**WHAT THE EXERCISE ASKS**
Your response should be an exact transcription of the data, images excluded.
** EXERCISE MATERIALS follows **
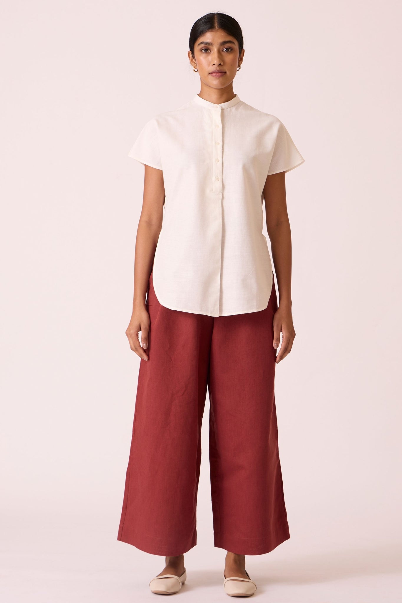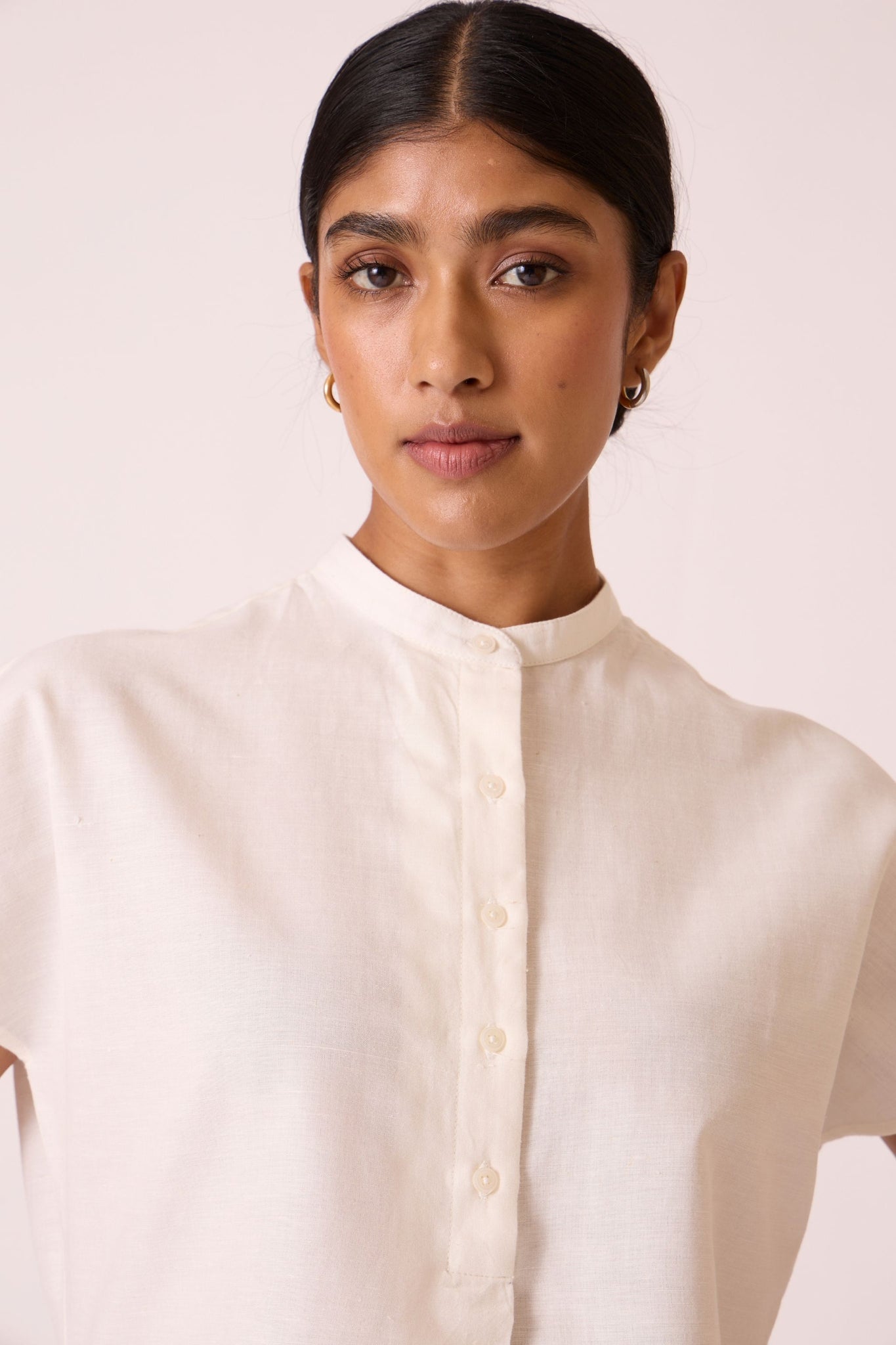 Crafted from soft handwoven cotton. Easy fit with drop sleeves. Concealed placket. Accentuated high-low hem.
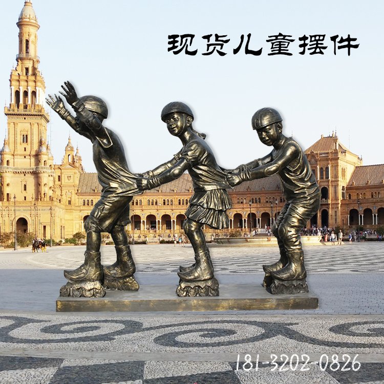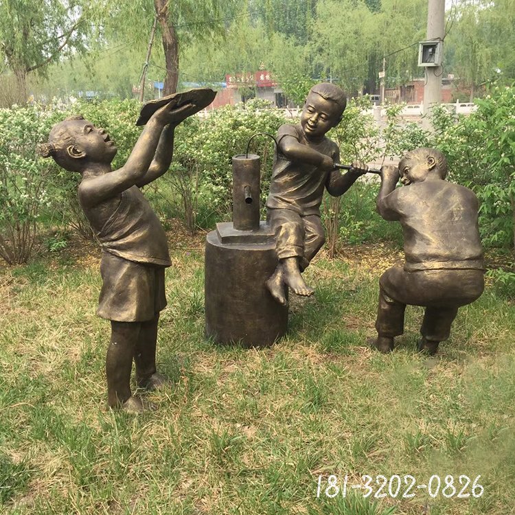 戶外玩耍兒童人物銅雕
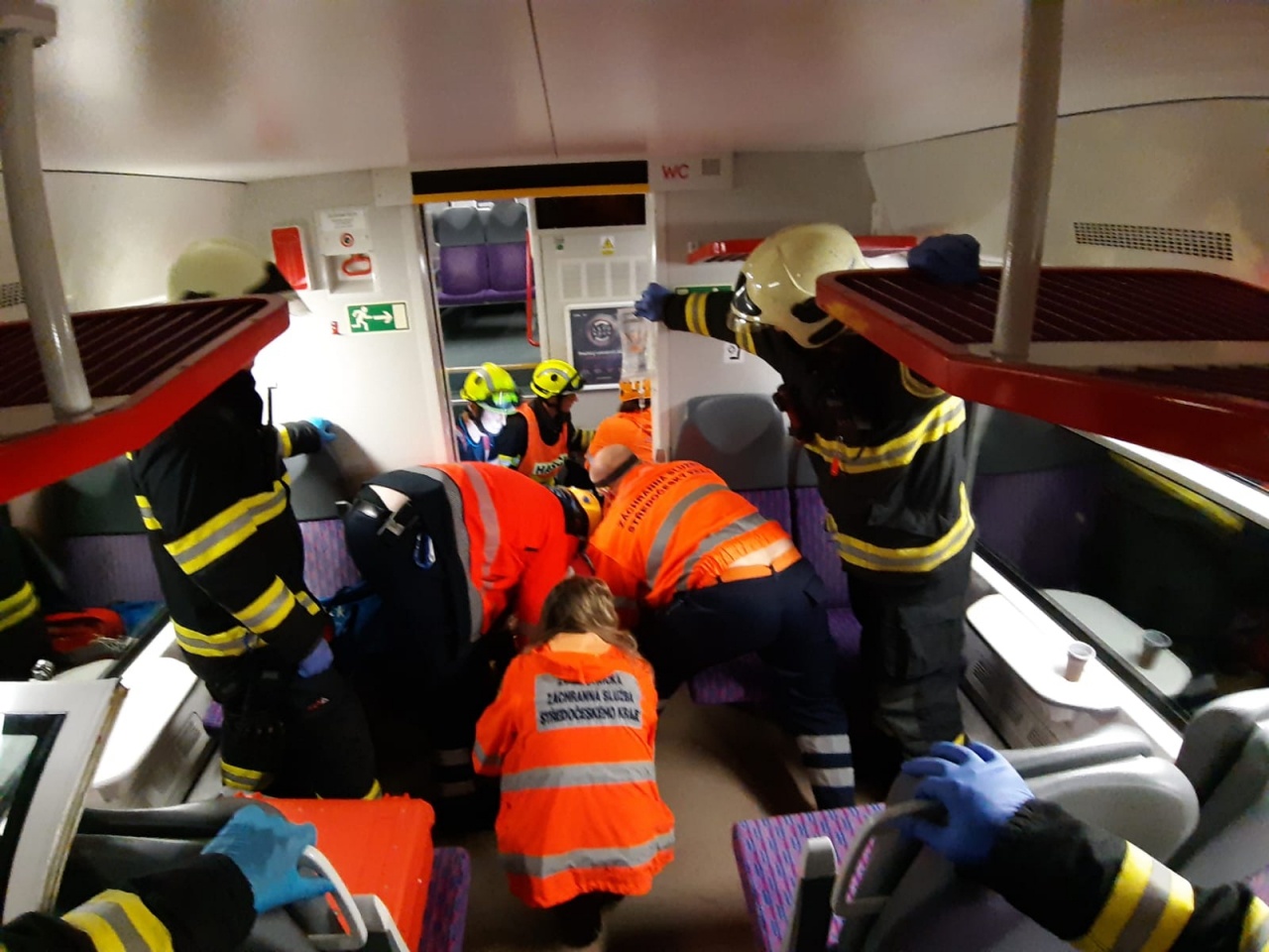 Pro lepší koordinaci záchranných prací byl vytvořen štáb velitele zásahu, jehož členy byli i zástupci drážních hasičů, Policie ČR a zdravotnické záchranné služby. Hasiči společně se zdravotníky začali s ošetřováním zraněných lidí, které postupně vynášeli na stanoviště, kde byli ranění tříděni metodou START. Dva těžce zranění pacienti byli transportováni do nemocnic v Praze a Českých Budějovicích letecky přivolanými vrtulníky. Osm středně těžce a dvacet pět lehce zraněných osob rozvezly posádky zdravotnické záchranné služby sanitkami do nemocnic v Kolíně, Nymburce a v Praze.
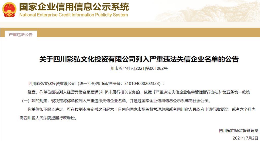 中國質量新聞網訊 從國家企業信用信息公示系統獲悉,2021年7月2日,四川省市場監督管理局發布關于四川彩弘文化投資有限公司列入嚴重違法失信企業名單的公告(川市監嚴列入[2021]第001082號)。
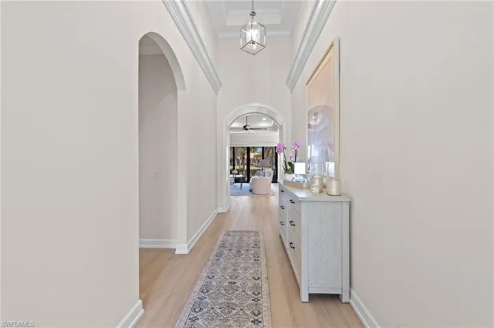 The interior of this residence showcases superior architectural details that provide both aesthetic beauty and long-term value. Custom woodwork, including five-inch baseboards, crisp crown molding, high ceiling foyer and wood-trimmed arched entry, creates a sophisticated, high-end atmosphere throughout the living spaces. The addition of shiplap feature walls and plantation shutters offers a modern coastal aesthetic that is both timeless and highly desirable. The flooring has been thoughtfully upgraded to new COREtec wide planks that offer a waterproof and pet-friendly surface designed for high-traffic durability. These upgraded floors provide superior acoustic insulation and a softer, warmer feel underfoot than traditional tile. The kitchen serves as a high-performance culinary space equipped with a premium GE Cafe slide-in range and microwave, a newer GE refrigerator, and Bosch dishwasher. These selections provide professional-grade reliability and sleek design, complemented by white shaker cabinetry, designer pulls and granite countertops. This combination of style and utility ensures the heart of the home is ready for immediate use without the need for further updates.
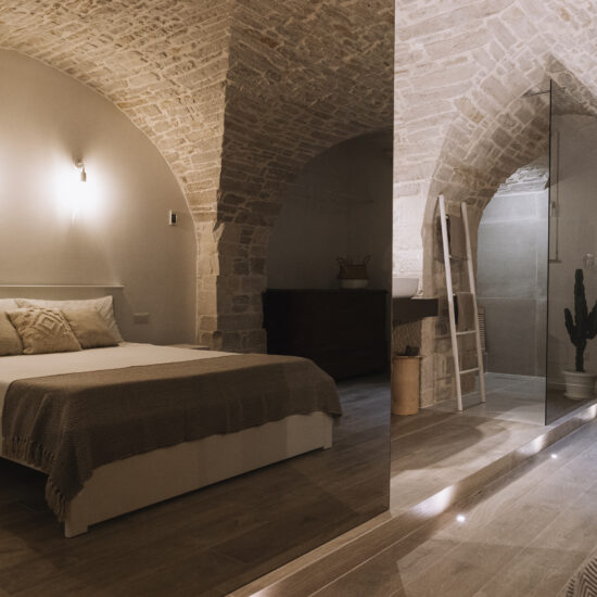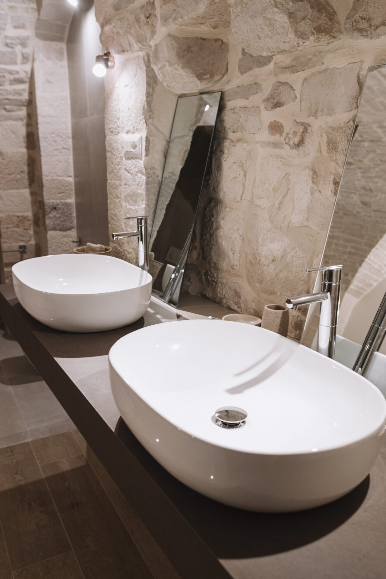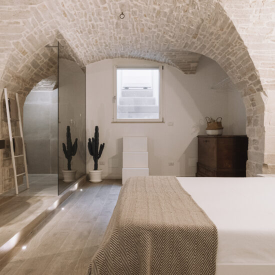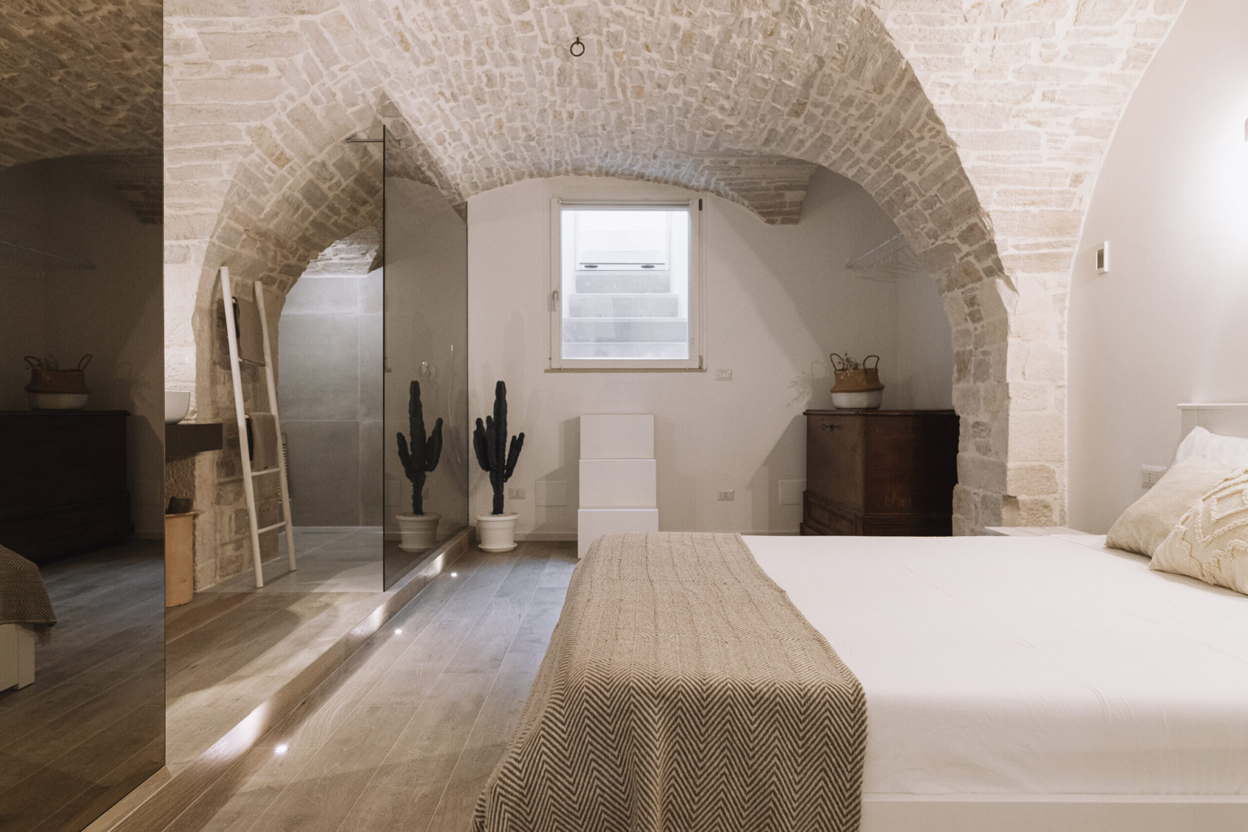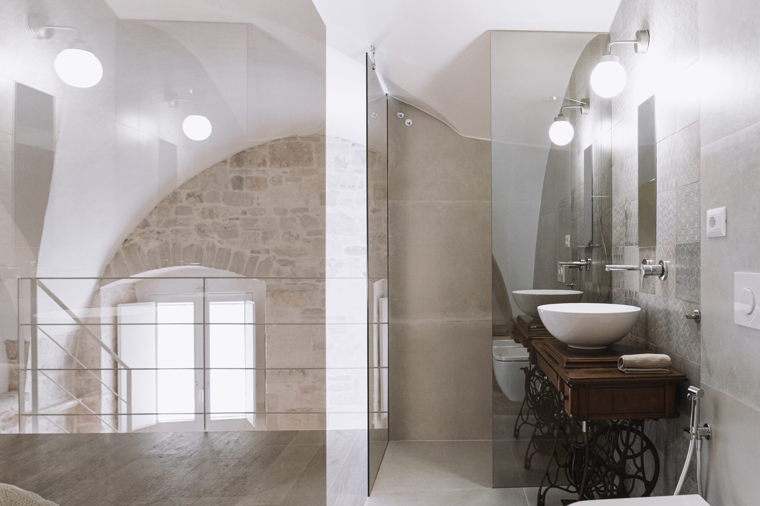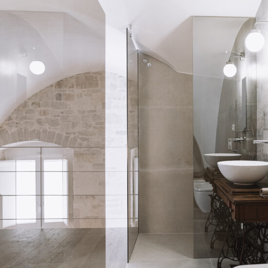 À la base, la pierre locale représente une sorte de cocon protecteur issu du passé, solide. À l'intérieur, l'atmosphère est étonnamment chaleureuse et caressante. La nouvelle géométrie des espaces, multipliés par le reflet du verre et des glaces, dessine des pièces modernes et lumineuses dans lesquelles passer des jours entiers, faisant l'éloge du repos et de la lenteur.
** End of EXERCISE MATERIALS **
**RESPONSE AREA**
 Crafted from soft handwoven cotton. Easy fit with drop sleeves. Concealed placket. Accentuated high-low hem.
 戶外玩耍兒童人物銅雕
 Pro lepší koordinaci záchranných prací byl vytvořen štáb velitele zásahu, jehož členy byli i zástupci drážních hasičů, Policie ČR a zdravotnické záchranné služby. Hasiči společně se zdravotníky začali s ošetřováním zraněných lidí, které postupně vynášeli na stanoviště, kde byli ranění tříděni metodou START. Dva těžce zranění pacienti byli transportováni do nemocnic v Praze a Českých Budějovicích letecky přivolanými vrtulníky. Osm středně těžce a dvacet pět lehce zraněných osob rozvezly posádky zdravotnické záchranné služby sanitkami do nemocnic v Kolíně, Nymburce a v Praze.
 中國質量新聞網訊 從國家企業信用信息公示系統獲悉,2021年7月2日,四川省市場監督管理局發布關于四川彩弘文化投資有限公司列入嚴重違法失信企業名單的公告(川市監嚴列入[2021]第001082號)。
 The interior of this residence showcases superior architectural details that provide both aesthetic beauty and long-term value. Custom woodwork, including five-inch baseboards, crisp crown molding, high ceiling foyer and wood-trimmed arched entry, creates a sophisticated, high-end atmosphere throughout the living spaces. The addition of shiplap feature walls and plantation shutters offers a modern coastal aesthetic that is both timeless and highly desirable. The flooring has been thoughtfully upgraded to new COREtec wide planks that offer a waterproof and pet-friendly surface designed for high-traffic durability. These upgraded floors provide superior acoustic insulation and a softer, warmer feel underfoot than traditional tile. The kitchen serves as a high-performance culinary space equipped with a premium GE Cafe slide-in range and microwave, a newer GE refrigerator, and Bosch dishwasher. These selections provide professional-grade reliability and sleek design, complemented by white shaker cabinetry, designer pulls and granite countertops. This combination of style and utility ensures the heart of the home is ready for immediate use without the need for further updates.
 À la base, la pierre locale représente une sorte de cocon protecteur issu du passé, solide. À l'intérieur, l'atmosphère est étonnamment chaleureuse et caressante. La nouvelle géométrie des espaces, multipliés par le reflet du verre et des glaces, dessine des pièces modernes et lumineuses dans lesquelles passer des jours entiers, faisant l'éloge du repos et de la lenteur.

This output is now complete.